◆ TASK OBJECTIVE ◆
Which lines run from the start of the material below through the line containing "CDC発行のワクチン証明。私はファイザー製を打ちました。2回目は国内で..."? Retype them exactly, pictures excluded.
-----
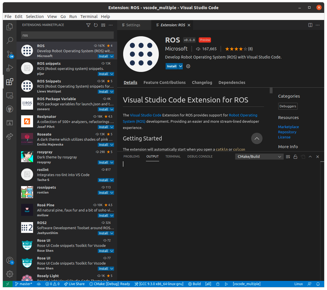Ctrl+Shift + X를 눌러 ros 를 검색하여 플러그인을 설치한다.
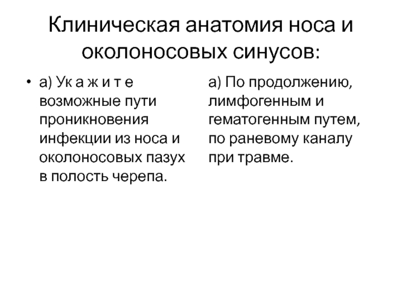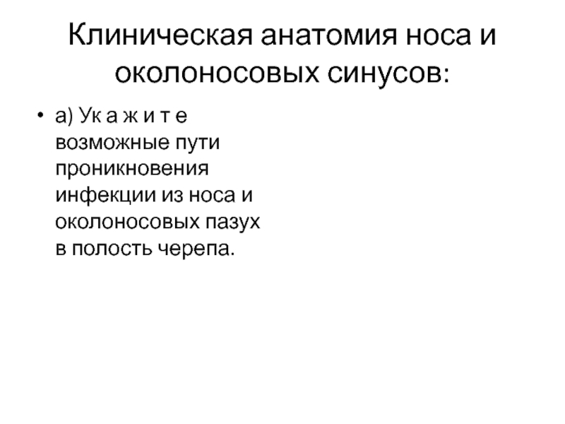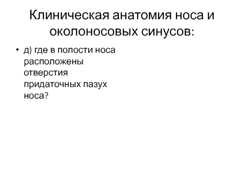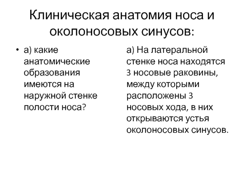 Слайд 1Клиническая анатомия носа и околоносовых синусов:
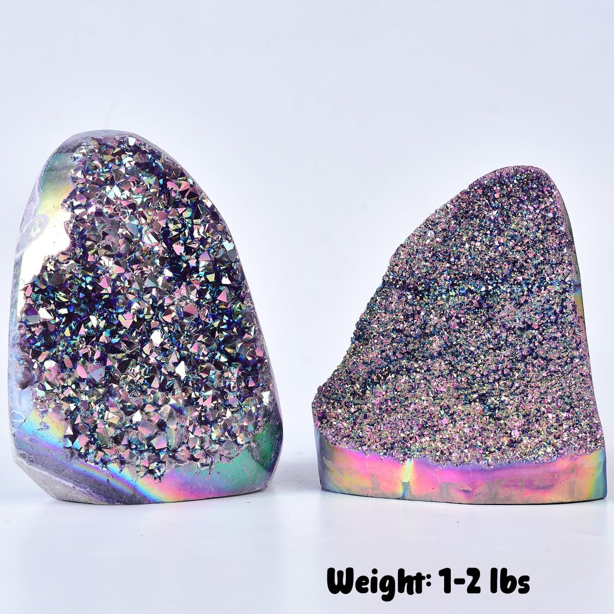 SPECIFICATIONS – This Titanium Aura Amethyst Geode weights 1 to 2 lbs, the amethyst cluster grew on a gray volcanic rock referred to as basalt, which is lower to type a base in order that your cluster stands upright. Colour: rainbow.
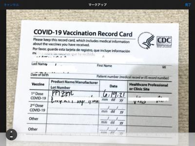 CDC発行のワクチン証明。私はファイザー製を打ちました。2回目は国内で...
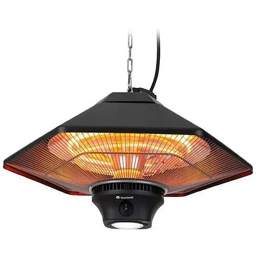 Променевий обігрівач blumfeldt Heat Hexa легко підвішується до стелі за допомогою ланцюга довжиною 55 см і забезпечує вам і вашим гостям потужність до 2000 Вт швидко та ефективно. ІК ComfortHeat не тільки дуже швидко доставляє тепло, але завдяки високоефективному алюмінієвому рефлектору та довгохвильовому інфрачервоному випромінюванню, вона також виділяє його спеціально для людей та предметів поблизу, не нагріваючи повітря. Насолоджуйтеся затишним теплом з першої секунди! Легким дотиком до вбудованої сенсорної панелі ви можете за лічені секунди вибрати між трьома рівнями нагріву - 800, 1200 або 2000 Вт і легко задовольнити потреби ваших гостей. Або зручно керуйте нагрівальною лампою за допомогою дистанційного керування. Плануйте вечерю на балконі або терасі, не турбуючись про температуру, тому що відразу після ввімкнення галогенні нагрівальні елементи виробляють приємне, домашнє та безпечне тепло без тривалої фази розігріву. Виготовлений зі сталі гексагональний інфрачервоний обігрівач Blumfeldt Heat Hexa не тільки міцний, але й елегантний. Його вбудована світлодіодна лампа може вмикатися окремо та забезпечує яскравість у темний час доби. Для безпечного використання поза приміщенням корпус захищений від бризок за стандартом IP34 і може використовуватися без будь-яких проблем навіть у вологий вечір.
-----
◆ RESPONSE TO THE TASK ◆
Ctrl+Shift + X를 눌러 ros 를 검색하여 플러그인을 설치한다.
 Слайд 1Клиническая анатомия носа и околоносовых синусов:
 SPECIFICATIONS – This Titanium Aura Amethyst Geode weights 1 to 2 lbs, the amethyst cluster grew on a gray volcanic rock referred to as basalt, which is lower to type a base in order that your cluster stands upright. Colour: rainbow.
 CDC発行のワクチン証明。私はファイザー製を打ちました。2回目は国内で...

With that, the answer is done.